▶ _Assignment_:
Down to the last line, repeat the entries exactly and drop any image.

Data records:
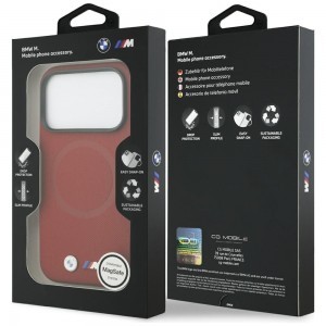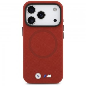 A tok prémium minőségű, finoman texturált piros felülete azonnal magára vonzza a tekinteteket, és utánozhatatlanul sportos, mégis elegáns megjelenést kölcsönöz. Az anyag kellemes tapintású és egyedi textúrája kiemeli az iPhone 17 Pro kifinomultságát, miközben biztos fogást garantál. A hátlapon elegánsan, dombornyomott fém kivitelben helyezkedik el a klasszikus BMW embléma és a sportos M logó, amelyek a precíz kidolgozottságot és a márka iránti elkötelezettséget sugározzák.
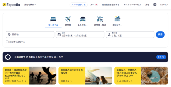 エクスペディアは、海外ホテルやツアー、航空券の選択肢が多く、旅程をまとめて検討したい方と相性のよいサービスです。デルタ航空を利用する旅行でも、ホテルや現地移動をあわせて探したいときに使いやすいでしょう。
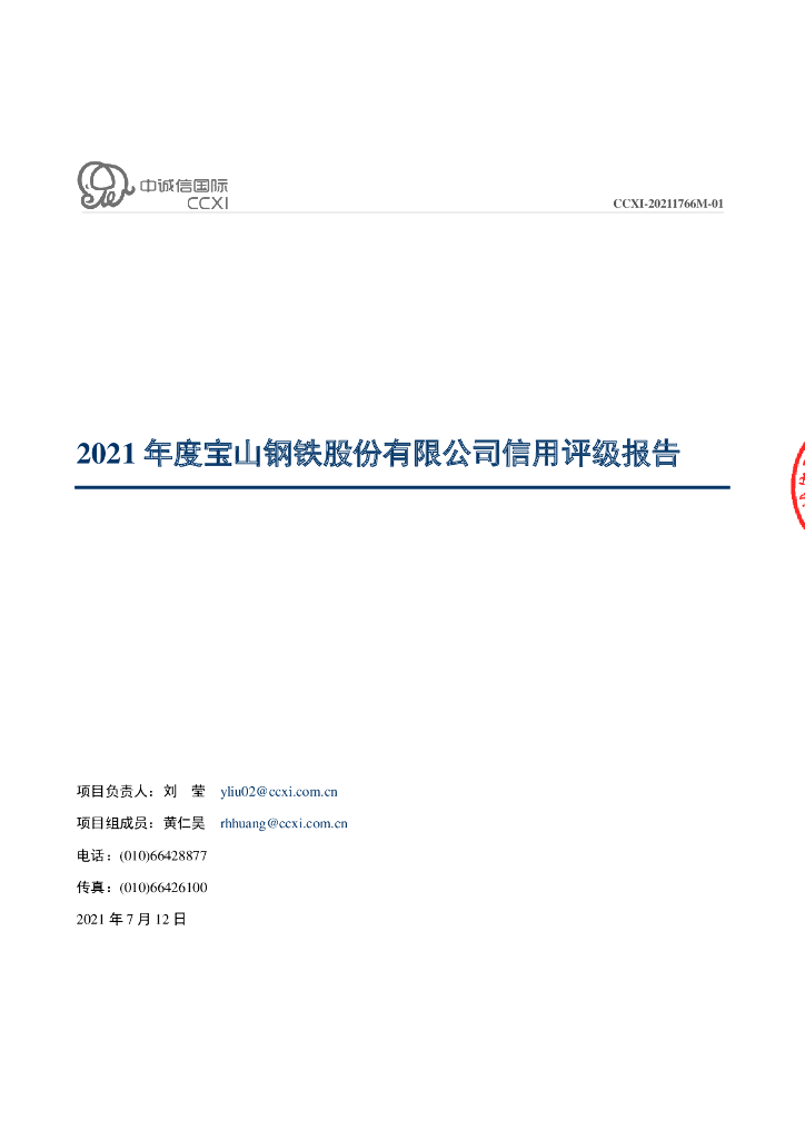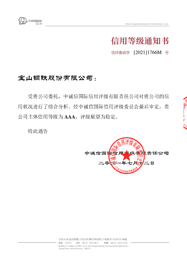 中诚信:宝山钢铁股份有限公司信用评级报告及跟踪评级安排.pdf
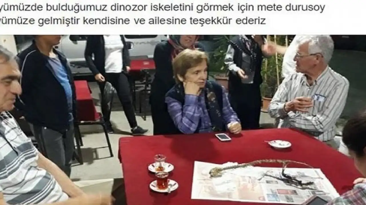 Köy kahvesinde masanın üzerine konulan iskeleti inceleyerek fotoğrafını çekerek sosyal medyada yaydı.
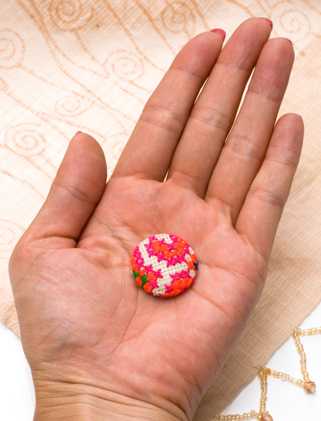 タイの山岳民族のひとつ、モン族の人達が一針一針手作りしたボタンです。モン族の女性たちは昔から、独特なアップリケや刺繍に願いを込めて、伝承の手段のひとつとして表現しています。独特の色の組み合わせや色合いがとても美しいです。ビビッドなカラーの組み合わせは日本では有りそうでない色合いで、エスニックな雰囲気が伝わってきます。まあるいコロンとしたデザインも温かい印象で、より一層可愛らしく見えます。■どんなものもオリジナルでエスニックな雰囲気に
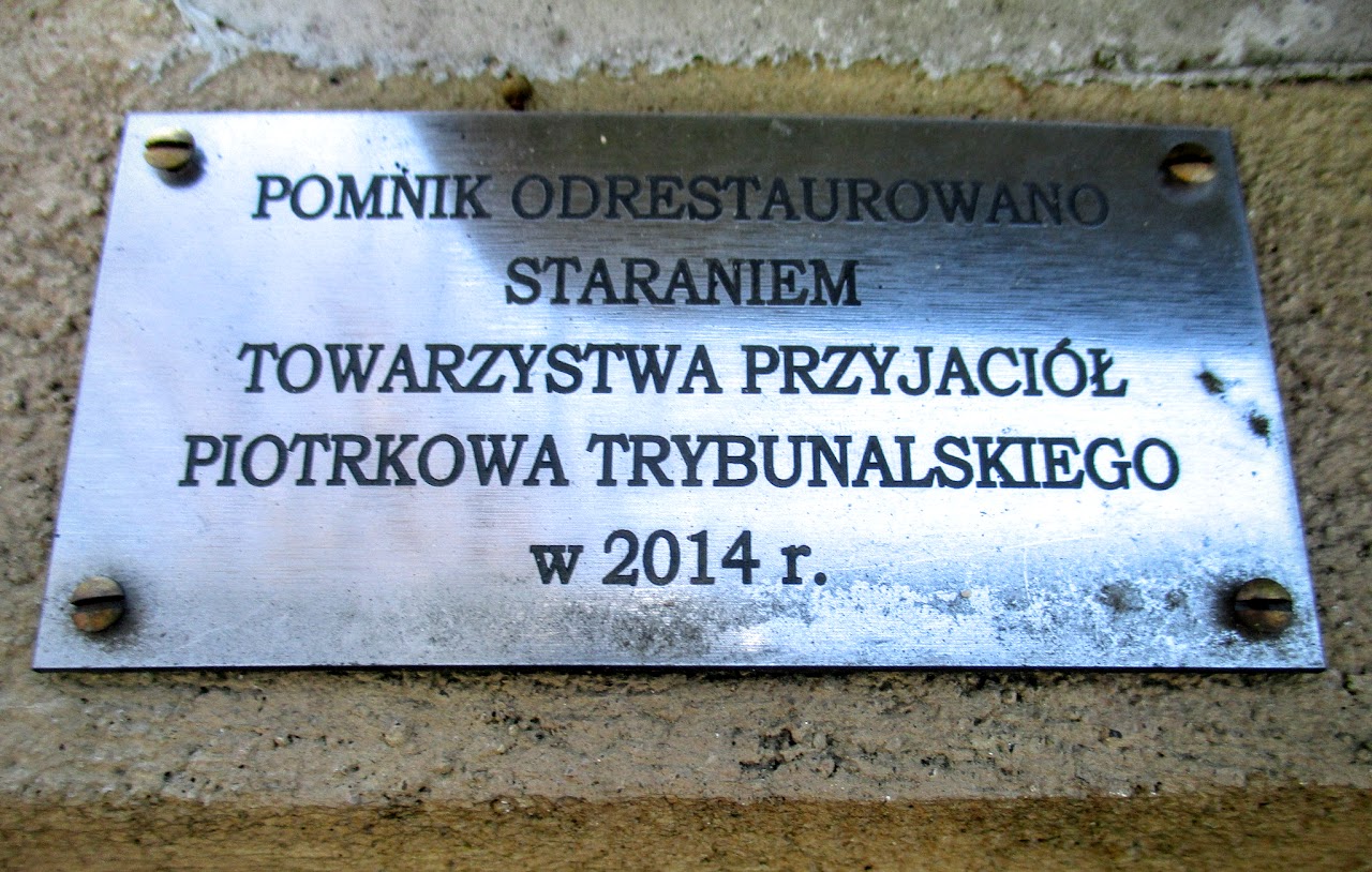 "Pomnik odrestaurowano staraniem Towarzystwa Przyjaciół Piotrkowa Trybunalskiego w 2014 r.".
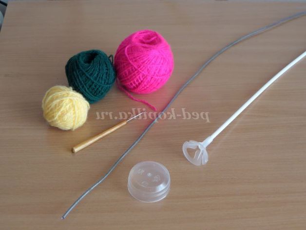 Вам знадобитися: кольорова шерсть, гачок, дріт, великі кришки від пляшок 7шт., пластикова трубочка і ковпачок від кульки.
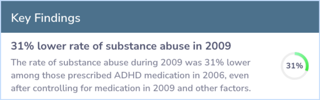 They found that individuals using stimulant ADHD medication had a 31% lower rate of substance abuse in 2009 compared to those not using the medication.
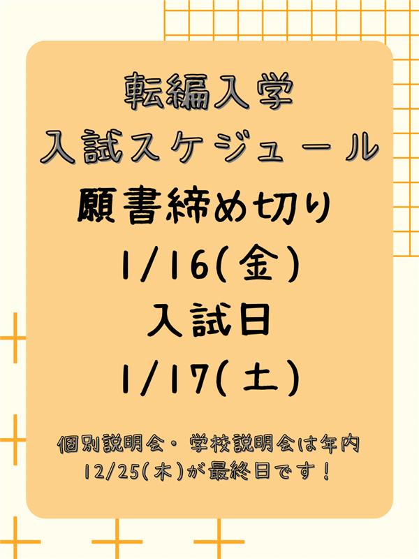 ただいま本校では、転入学・編入学の受付を行っています✨
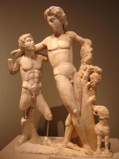 *Στη φωτογραφία εικονίζεται σύμπλεγμα Διονύσου και σατύρου, Ρωμαϊκής περιόδου από την Πάτρα. Αρχαιολογικό Μουσείο Πάτρας (φωτ. αρχείο Ν. Παλαιολόγου).
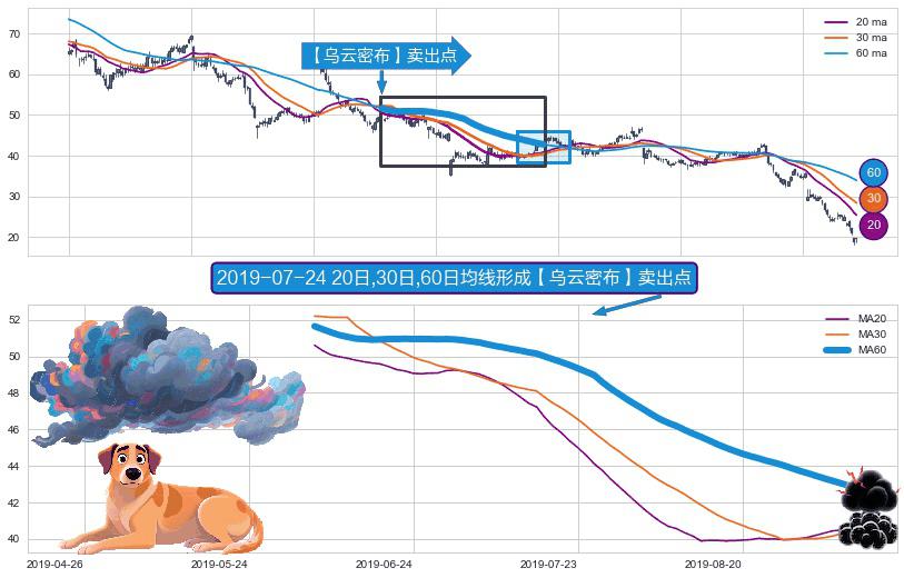 ⚃ 【乌云密布】卖出点长时间对 牛 市转 熊 市进行确认,且均线压制价格走势,但信号发出时间较长,属于【迟滞】看空卖出信号
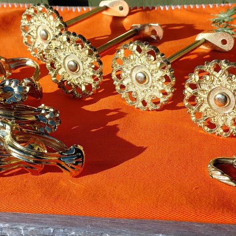Håndkle-, hylle- og toalettrulloppheng i gullforgylt metall fra 60-tallet i merket: Lan-Bar Dolphin Range. Utmerket tilstand.
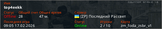 Играет на Counter Strike 1.6 сервере. Страна: УкраинаПервый раз замечен 19:46 10.02.2026
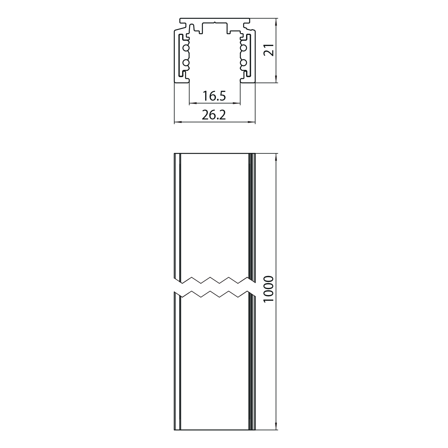 Sort 2m 48V EVO ST1 DALI lavvolts skinne for utenpåliggende eller nedhengt montering
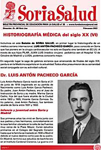 primavera 2022 HISTORIOGRAFÍA MÉDICA del siglo XX (VI) Incluimos en este Boletín de SORIA SALUD, en primer lugar la historiografía de un médico soriano internacional, LUIS ANTÓN-PACHECO GARCÍA, poco conocido en Soria que fue pionero en la cirugía cardiovascular no solo en España sino también en EE.UU. A través de sus hijos PILAR, JUAN LUIS (médico cirujano pediátrico en el Hospital 12 de Octubre de Madrid) y LUISA, podemos conocerlo mejor. En segundo lugar la saga de galenos sorianos que arrancando de finales del siglo XIX, perdura en la Medicina española en la actualidad. Todos ellos presumieron de su sorianidad social conjugada con su actividad cultural. Dr. Juan Manuel Ruiz Liso
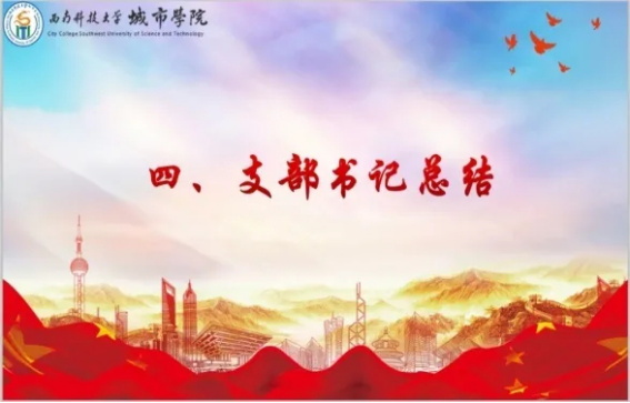 第四项议程张丽萍老师和钟迪老师对本次主题党日活动做总结,并提出了几点希望以及对毕业班党员同志的祝愿。我们要发扬党员的先锋模范作用,严格要求自己,也祝愿各位毕业班党员同志前程似锦,未来可期。
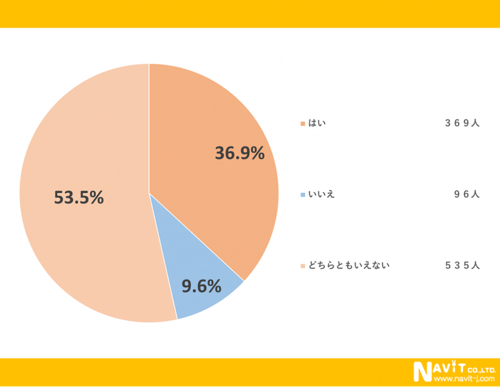 成人式で着物を着る風習に関するアンケートです。この風習を残したいですか?という質問に対して「はい」と回答された人が36.9%でした。また「どちらともいえない」と回答された人が53.5%という結果になりました。

▶ _Answer for this exercise_:
 A tok prémium minőségű, finoman texturált piros felülete azonnal magára vonzza a tekinteteket, és utánozhatatlanul sportos, mégis elegáns megjelenést kölcsönöz. Az anyag kellemes tapintású és egyedi textúrája kiemeli az iPhone 17 Pro kifinomultságát, miközben biztos fogást garantál. A hátlapon elegánsan, dombornyomott fém kivitelben helyezkedik el a klasszikus BMW embléma és a sportos M logó, amelyek a precíz kidolgozottságot és a márka iránti elkötelezettséget sugározzák.
 エクスペディアは、海外ホテルやツアー、航空券の選択肢が多く、旅程をまとめて検討したい方と相性のよいサービスです。デルタ航空を利用する旅行でも、ホテルや現地移動をあわせて探したいときに使いやすいでしょう。
 中诚信:宝山钢铁股份有限公司信用评级报告及跟踪评级安排.pdf
 Köy kahvesinde masanın üzerine konulan iskeleti inceleyerek fotoğrafını çekerek sosyal medyada yaydı.
 タイの山岳民族のひとつ、モン族の人達が一針一針手作りしたボタンです。モン族の女性たちは昔から、独特なアップリケや刺繍に願いを込めて、伝承の手段のひとつとして表現しています。独特の色の組み合わせや色合いがとても美しいです。ビビッドなカラーの組み合わせは日本では有りそうでない色合いで、エスニックな雰囲気が伝わってきます。まあるいコロンとしたデザインも温かい印象で、より一層可愛らしく見えます。■どんなものもオリジナルでエスニックな雰囲気に
 "Pomnik odrestaurowano staraniem Towarzystwa Przyjaciół Piotrkowa Trybunalskiego w 2014 r.".
 Вам знадобитися: кольорова шерсть, гачок, дріт, великі кришки від пляшок 7шт., пластикова трубочка і ковпачок від кульки.
 They found that individuals using stimulant ADHD medication had a 31% lower rate of substance abuse in 2009 compared to those not using the medication.
 ただいま本校では、転入学・編入学の受付を行っています✨
 *Στη φωτογραφία εικονίζεται σύμπλεγμα Διονύσου και σατύρου, Ρωμαϊκής περιόδου από την Πάτρα. Αρχαιολογικό Μουσείο Πάτρας (φωτ. αρχείο Ν. Παλαιολόγου).
 ⚃ 【乌云密布】卖出点长时间对 牛 市转 熊 市进行确认,且均线压制价格走势,但信号发出时间较长,属于【迟滞】看空卖出信号
Håndkle-, hylle- og toalettrulloppheng i gullforgylt metall fra 60-tallet i merket: Lan-Bar Dolphin Range. Utmerket tilstand.
 Играет на Counter Strike 1.6 сервере. Страна: УкраинаПервый раз замечен 19:46 10.02.2026
 Sort 2m 48V EVO ST1 DALI lavvolts skinne for utenpåliggende eller nedhengt montering
 primavera 2022 HISTORIOGRAFÍA MÉDICA del siglo XX (VI) Incluimos en este Boletín de SORIA SALUD, en primer lugar la historiografía de un médico soriano internacional, LUIS ANTÓN-PACHECO GARCÍA, poco conocido en Soria que fue pionero en la cirugía cardiovascular no solo en España sino también en EE.UU. A través de sus hijos PILAR, JUAN LUIS (médico cirujano pediátrico en el Hospital 12 de Octubre de Madrid) y LUISA, podemos conocerlo mejor. En segundo lugar la saga de galenos sorianos que arrancando de finales del siglo XIX, perdura en la Medicina española en la actualidad. Todos ellos presumieron de su sorianidad social conjugada con su actividad cultural. Dr. Juan Manuel Ruiz Liso
 第四项议程张丽萍老师和钟迪老师对本次主题党日活动做总结,并提出了几点希望以及对毕业班党员同志的祝愿。我们要发扬党员的先锋模范作用,严格要求自己,也祝愿各位毕业班党员同志前程似锦,未来可期。
 成人式で着物を着る風習に関するアンケートです。この風習を残したいですか?という質問に対して「はい」と回答された人が36.9%でした。また「どちらともいえない」と回答された人が53.5%という結果になりました。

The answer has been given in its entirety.